President Obama did not win a single Republican vote in the House of Representatives for his giant economic stimulus bill this week. So does that mean he wasted his time reaching out, to an unusual degree, to Republicans?
Not yet, anyway. By making very public overtures – traveling to Capitol Hill, inviting Republican members to the White House more than once, including to a cocktail party after Wednesday’s vote – he has already distinguished his administration sharply from those in recent memory, analysts say. And he’s begun work on the difficult task of remaking the highly partisan culture of Washington, as promised in his campaign.
Mr. Obama himself has stated that “old habits die hard,” and he seemed unperturbed, at least in public, that he failed to gain any Republican votes.
But his administration also knows that the House vote is just the opening act in a multi-act drama that will play out well into next month in this high-stakes effort to address a sinking economy.

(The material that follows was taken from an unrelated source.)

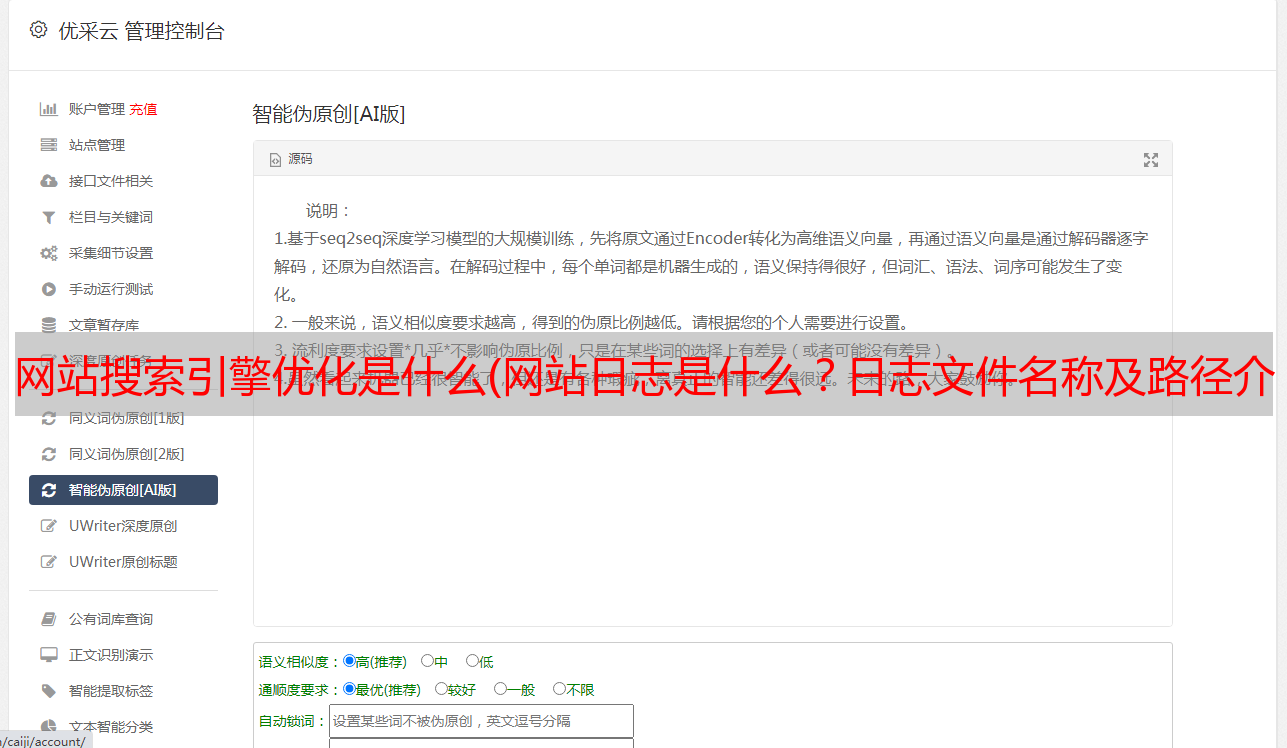 优采云 发布时间: 2021-08-29 03:11网站搜索引擎优化是什么(网站日志是什么?日志文件名称及路径介绍(一))

“There’s definitely a longer-term strategy here,” with all this outreach by Obama, says Norman Ornstein, a resident scholar at the American Enterprise Institute. “And it’s going to be interesting to see in the end if the Republicans get nervous enough that the final vote is a different one.”
There are risks for all concerned.
Obama will ultimately sign some sort of stimulus legislation, given the Democrats’ strength in Congress. But if it fails to get the economy back on solid footing,
Obama will lose his luster with the public. Congressional Democrats, not all that popular as a group, will miss an opportunity to boost their image.
If most Republicans continue to vote “no,” they risk looking like naysayers at a time when their party is trying to regain its image as a party of ideas.
House Republicans did put forth their own stimulus plan, but with the knowledge that the Democratic plan was where the action is. House Republican leaders also telegraphed a disinterest in Obama’s overtures by instructing their members to vote no even before the president went to Capitol Hill on Tuesday.
The Democratic plan contains tax cuts - $275 billion worth, or about a third of the package – which Republicans like, in principle, though they object to the fact that some low-income workers who don’t pay income tax would get money back anyway.
They would also like the tax cuts to be bigger. And Republicans complain that the spending portion of the bill contains money for special projects that they believe will do little for the economy in the short term and will have questionable long-term economic benefit.
In a statement issued after the House vote, Obama betrayed no disappointment over the lack of Republican support, and signaled an openness to accommodating more GOP wishes.
“The plan now moves to the Senate, and I hope that we can continue to strengthen this plan before it gets to my desk,” Obama said. “But what we can’t do is drag our feet or allow the same partisan differences to get in our way.”
Obama began by emphasizing the economic challenge ahead, noting the loss of 2.6 million jobs last year, and Monday’s announcement that some major employers were eliminating another 55,000 jobs. “This is a wake-up call to Washington that the American people need us to act and act immediately,” he said, an echo of President Roosevelt’s first inaugural, in which he called for “action and action now.”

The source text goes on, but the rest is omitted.